Со злостью Костя открыл папку, разбросал письма.

«Томка! Слышишь, Томка, ты не имеешь права быть несчастлива, – писал отец Пети, – не смей ничего разрушать ни в себе, ни в нас. Тебя нет отдельно. Какое-то время не летай, займись пацаном. Ты ему очень нужна сейчас».

Зачем он это читает? Для чего ему знать?

«…Извини, если нудный. Просто я устал. Не могу без тебя. Именно сегодня не могу. И вчера, и позавчера.

Уже раз по пять пересмотрели взятые с собой фильмы «Цирк», «Кубанские казаки», «Сердца четырех» и самый лучший «Машенька» с Валентиной Караваевой. Она напоминает тебя, когда ты веселая. Улыбнись, слышишь?

Наткнулся на эстрадную передачу. В Сан-Франциско идет международный конкурс джазов. Не хочешь послушать соло собаки в сопровождении джаза? Кажется, я тоже завою, если ты мне будешь присылать такие письма.

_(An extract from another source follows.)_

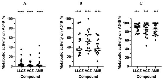 The treatment with all three agents in the co-culture assay showed a significant inhibition of early-stage biofilm metabolic activity, with no obvious cytotoxic effects towards the human epithelial lung cells. AMB showed an overall consistent biofilm inhibition. VCZ and LLCZ, both azoles with a similar mechanism of action [22,23], showed a different metabolic activity inhibition, depending on the growth stage of the biofilm (Figure 3). LLCZ performed better against maturing biofilms (Figure 3B), while VCZ showed a slightly better inhibition of mature biofilms (Figure 3C). The effect of LLCZ showed no difference to the (invertebrate) in vitro anti-biofilm effects studied previously [10], suggesting that the human epithelial cells do not directly influence the LLCZ treatment of A. fumigatus biofilm.

Плывем к Саргассову морю. По «дамской дороге». Дамской она называется из-за легкости и безопасности. Видишь, моряки – джентльмены. Они всегда отдают предпочтение дамам по части приятности и красоты. Вода в Саргассовом море необыкновенной синевы и прозрачности. Это из-за высокой температуры и большой концентрации соли. Единственное в мире море без берегов. Дно покрыто темно-коричневыми водорослями, похожими на виноград. По-испански виноград – саргасс. Поэтому море – Саргассово.

Разумеется, я прихватил для Птенца водорослей. Едут в банке с формалином. Самое удивительное, что они светятся в темноте. Потрясешь веточку ночью, как россыпь бриллиантов. Это – светящиеся бактерии. Авось не потеряют свечения. Только они не любят городской жизни: газа, электричества. А телевизор им просто противопоказан.

Птица моя, радиограммы по пятницам. Не скупись, побольше о себе и Птенце».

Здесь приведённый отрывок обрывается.